Mother’s Burnout Syndrome

· April 13, 2018

Although motherhood can be really rewarding, unfortunately sometimes it can also be excessive work. Mother’s burnout syndrome is a good example of how difficult it can be to be a mom.

Mother’s burnout syndrome affects many women when it comes to raising their children. It occurs due to the stress and fatigue that comes along with the responsibility of caring for a baby.

This syndrome is characterized by a chronic depressive state. In the most severe cases there can be very unpleasant consequences.

That’s why it’s a much more serious problem than simply fatigue or temporary depression.

The syndrome is a result of the physiological, emotional and psychological exhaustion that occurs from the accumulation of repetitive moderate-intensity stress.

The most frequent symptoms of mother’s burnout syndrome are sleep disorders, weakness, chronic fatigue, digestive disorders, head and back pain.

Phases of mother’s burnout syndrome

1. Emotional exhaustion

Each person has a defined stamina for physical and psychological energy.

Mothers’ daily responsibilities usually take up all of their energy until they reach the moment when they feel completely exhausted.

During this stage the mother might feel a sensation of anguish due to the countless tasks she must carry out.

Mother’s Burnout Syndrome

2. Emotional detachment

In order to protect and take care of her little ones, a mother may establish defense mechanisms.

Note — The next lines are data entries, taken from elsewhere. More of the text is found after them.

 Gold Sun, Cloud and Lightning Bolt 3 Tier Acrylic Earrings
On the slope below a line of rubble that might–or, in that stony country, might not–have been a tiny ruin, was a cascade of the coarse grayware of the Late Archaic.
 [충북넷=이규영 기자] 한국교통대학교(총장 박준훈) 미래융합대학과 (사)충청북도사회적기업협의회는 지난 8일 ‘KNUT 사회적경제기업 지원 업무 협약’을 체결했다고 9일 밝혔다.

She might continue performing her daily tasks mechanically, however it won’t have the emotional investment that it should.

As a consequence, the mother might feel distant from her child, husband or daily life.

3. Reality

The last phase of exhaustion is probably the most worrisome. At this point the mother realizes the growing breach between what she imagined as an ideal motherhood to the actual reality she’s experiencing.

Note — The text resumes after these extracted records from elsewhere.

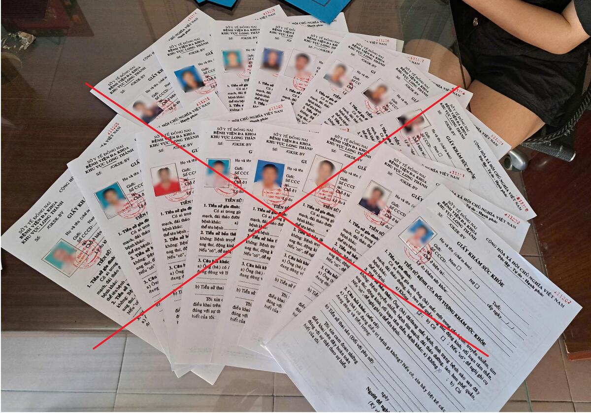 Trong số các tang vật thu giữ có nhiều giấy khám sức khỏe giả của một bệnh viện đa khoa khu vực, nhiều con dấu giả của cơ quan, tổ chức, trong đó có con dấu giả của Sở Y tế, Sở Giáo dục và Đào tạo Đồng Nai cùng nhiều trường đại học, cao đẳng, như Đại học Cần Thơ, trường Đại học Công nghiệp TP.HCM, trường Đại học Sư Phạm TP.HCM…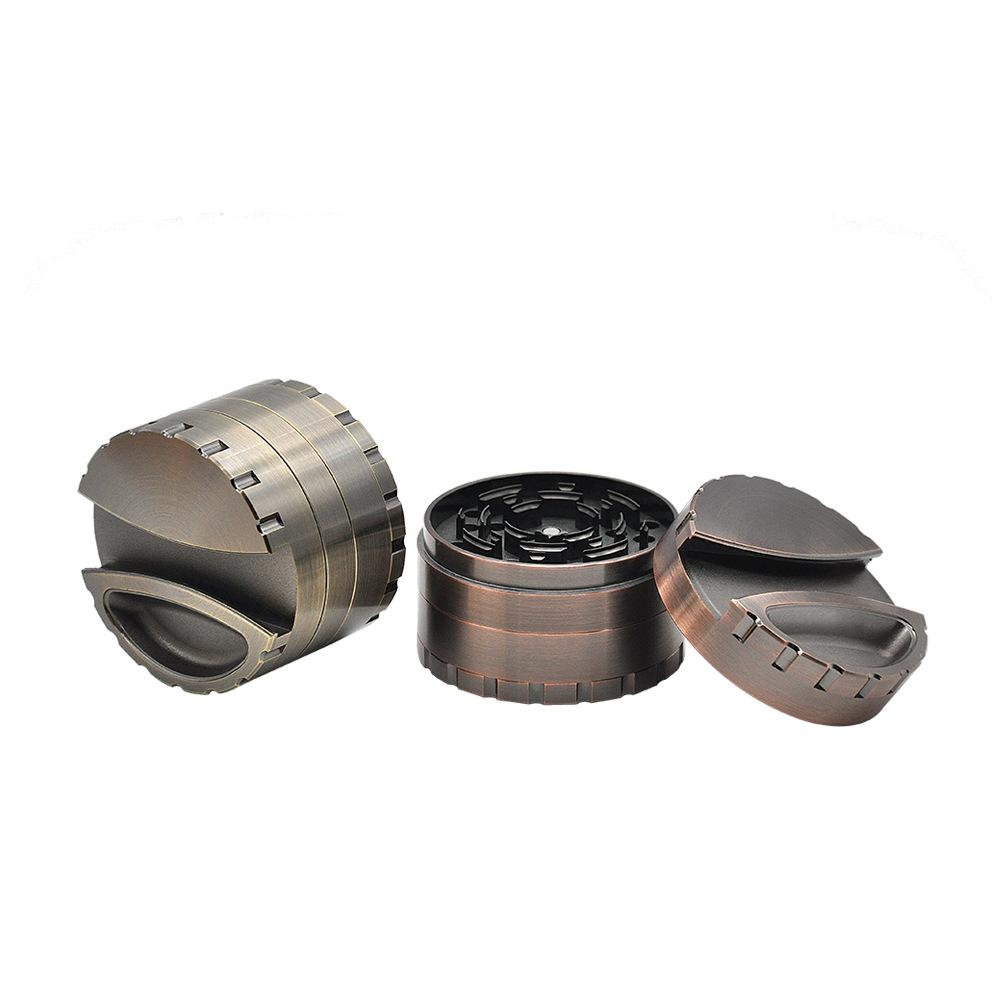 This Puffing Bird grinder is made of tough silver CNC-machined aluminum. This is a unique design that is not only a grinder, but a combination of a tiny ashtray, a rolling paper dispenser, and a joint holder. It is equipped with sharp, diamond-shaped teeth to gnash through your bud with great ease, a pollen screen, and a kief catching bottom piece to collect pollen dust that can be gathered for re-use. Gathering the pollen dust is made extremely easy with the included plastic scraper. A nylon friction ring ensures smooth, wear-free grinding.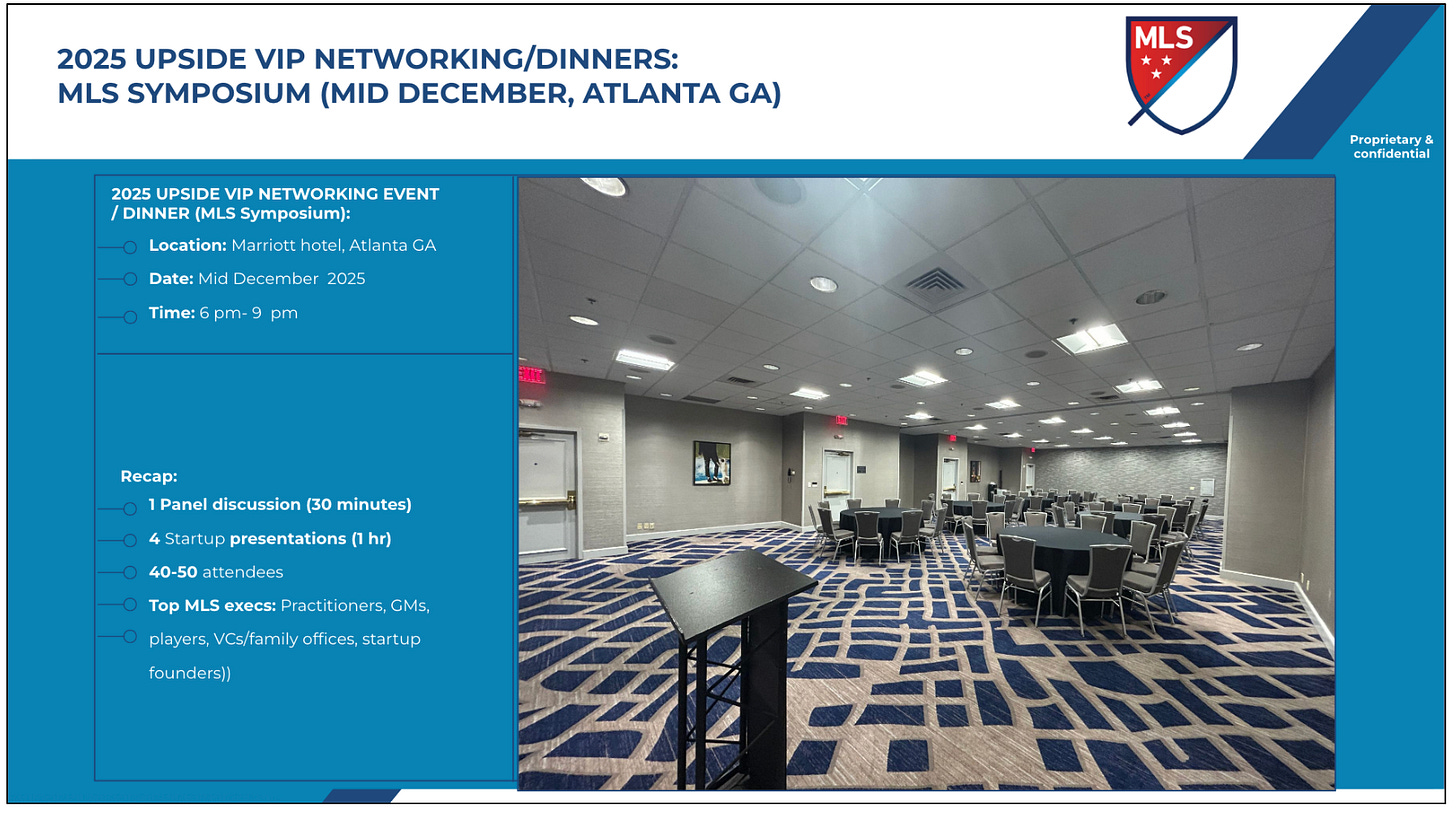 🏟️ 2025 Upside US Summit. New Speakers: DaeSean Hamilton (Ex NFL Player, Denver Broncos), Mary Vander Heiden, Dr Thomas Mitchell, MLS VIP Dinner's 1st Speakers: Darcy Norman, Dave Tenney.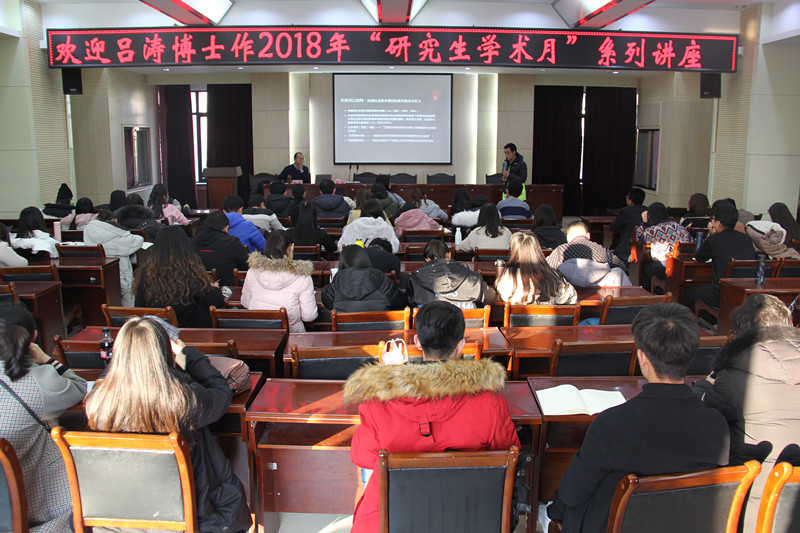 2018年12月17日下午,鲸鱼体育直播 在10号教学楼四楼报告厅开展2018年“研究生学术月”系列讲座,鲸鱼体育直播 副教授吕涛作了“同质性偏好、社会影响力还是条件效应?—社会资本的条件性来源与回报”的学术讲座。鲸鱼体育直播 全日制研究生约120人参加聆听了这场学术报告,报告由李怀教授主持。

Reality clashes with the idealized concept of being a perfect mother.

During this chaos the mother might feel as if she’s failed. This implies a loss of confidence and it can even result in aggressive behavior towards the child.

Main causes

Taking care of your child and home is a real job and sometimes mothers aren’t valued for their labor.

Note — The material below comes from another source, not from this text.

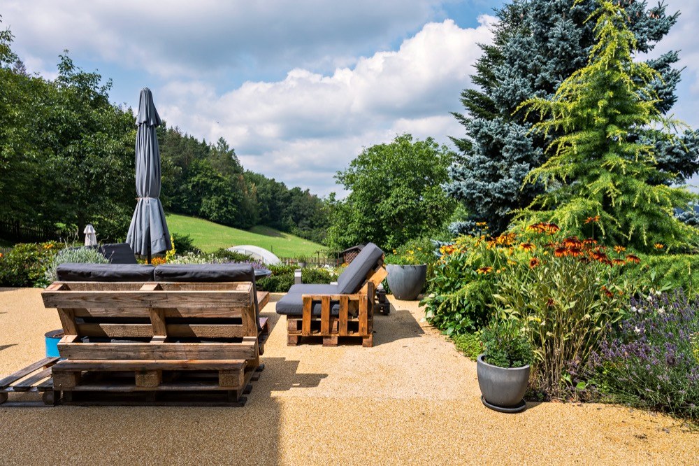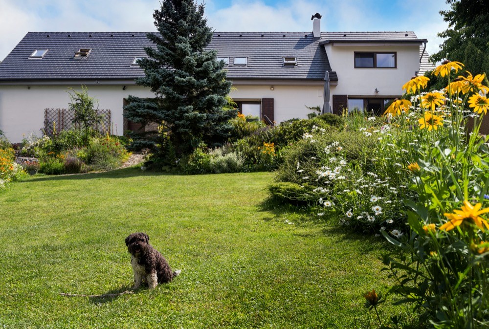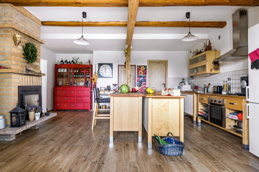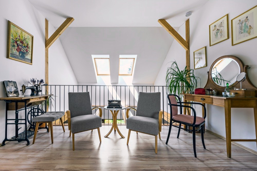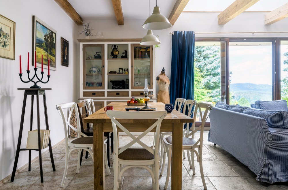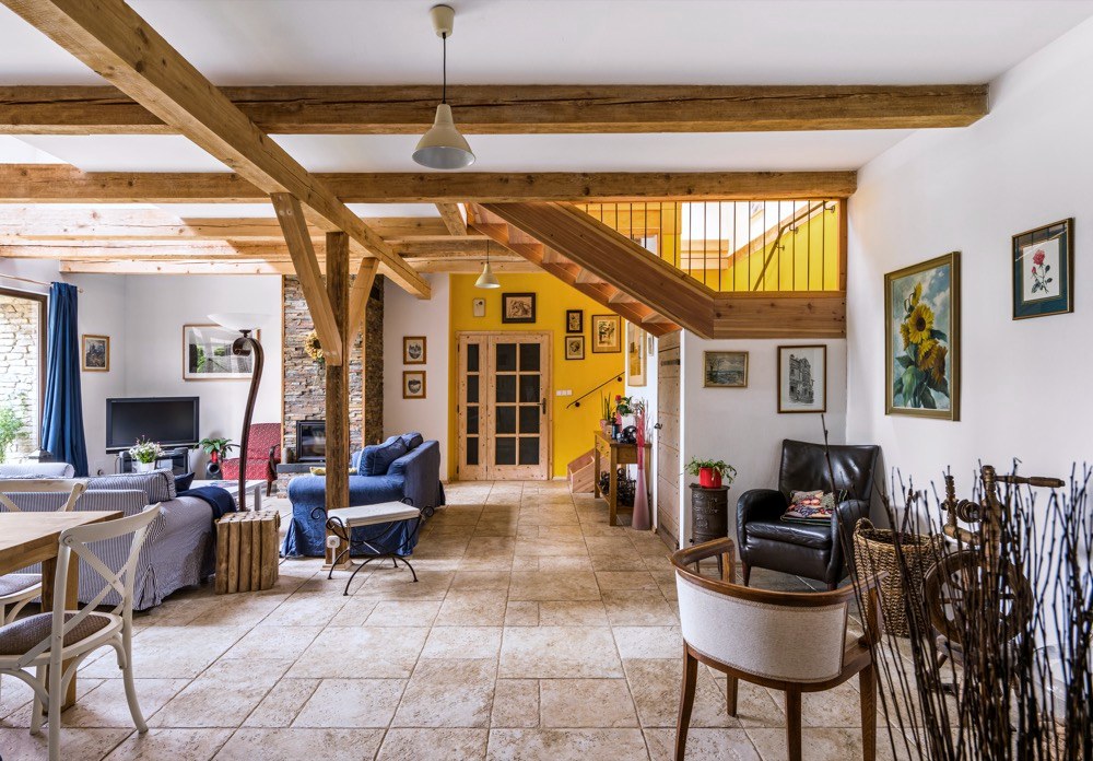 Jakmile mi Martina oznámila, že s manželem koupili starou stodolu, byla mnou lapena. Na „revizní“ návštěvu a focení jsem si sice ještě pár let musela počkat, ale stálo to za to. Tušení, že pod rukama Martiny a jejího francouzského muže Alaina vznikne něco pěkného, mě nezklamalo. Asi tak po třech letech hledání vhodného objektu na víkendové bydlení poblíž Prahy našli manželé inzerát, který nabízel k prodeji starou stodolu. Bylo to sice dál od metropole, ale když se tam přijeli podívat, měli ihned jasno. Uchvátil je výhled do krajiny, klid a také to, že v bezprostřední blízkosti nejsou žádné domy. Dům byl vlastně velká stodola, částečně uzpůsobený k bydlení a částečně sloužil původnímu majiteli jako truhlářská dílna. Oběma novým majitelům bylo předem jasné, do čeho jdou a že to bude chtít hodně práce a peněž, než bude dům podle jejich představ, ale výhled zvítězil...

Women who go back to work might not have the time nor energy to face all of the tough situations at home.

Sometimes, this exhaustion is due to searching for perfection. It’s important to keep in mind that perfection doesn’t exist.

Don’t try to be a perfect mother. You’ll need help and understanding while taking on the great amount of tasks you’re responsible for.

The great disappointment

The reality of motherhood is completely different from idealized fantasies. The difficulties and responsibilities are immense.

It’s important to get rid of the concept of the “ideal mother.” Motherhood in reality is composed of both good and bad moments.

“There is no way to be the perfect mother, there are a million ways however to be a good mother”

Jill Churchill

Who can get the burnout syndrome?

There is no typical profile for who is susceptible to this syndrome.

In fact, mother’s burnout syndrome can affect women of any social status. It can also affect both first-time mothers and experienced ones.

This syndrome can occur at any time. It can occur right after the birth of a child or many months or years later.

Mother’s Burnout Syndrome

There are a few risk factors for maternal exhaustion such as having twins or having several children who are around the same age.

These cases imply an important increase in the mother’s workload and it can lead to maternal exhaustion.

Single mothers may also be prone to suffer from this syndrome since they may lack the support they need to raise their children.

How to get better

The most important and effective way to improve is to realize there is no such thing as a perfect mother.

Don’t hesitate to share how you feel with the people around you. You can even share what you’re experiencing with other mothers.

If you feel like you need the help of a specialist, you should consult a psychologist.

The delegation of certain tasks to family members or your partner is also recommended.

In the case of single mothers, you can find support in your family and friends. Daycare centers can also be a great help.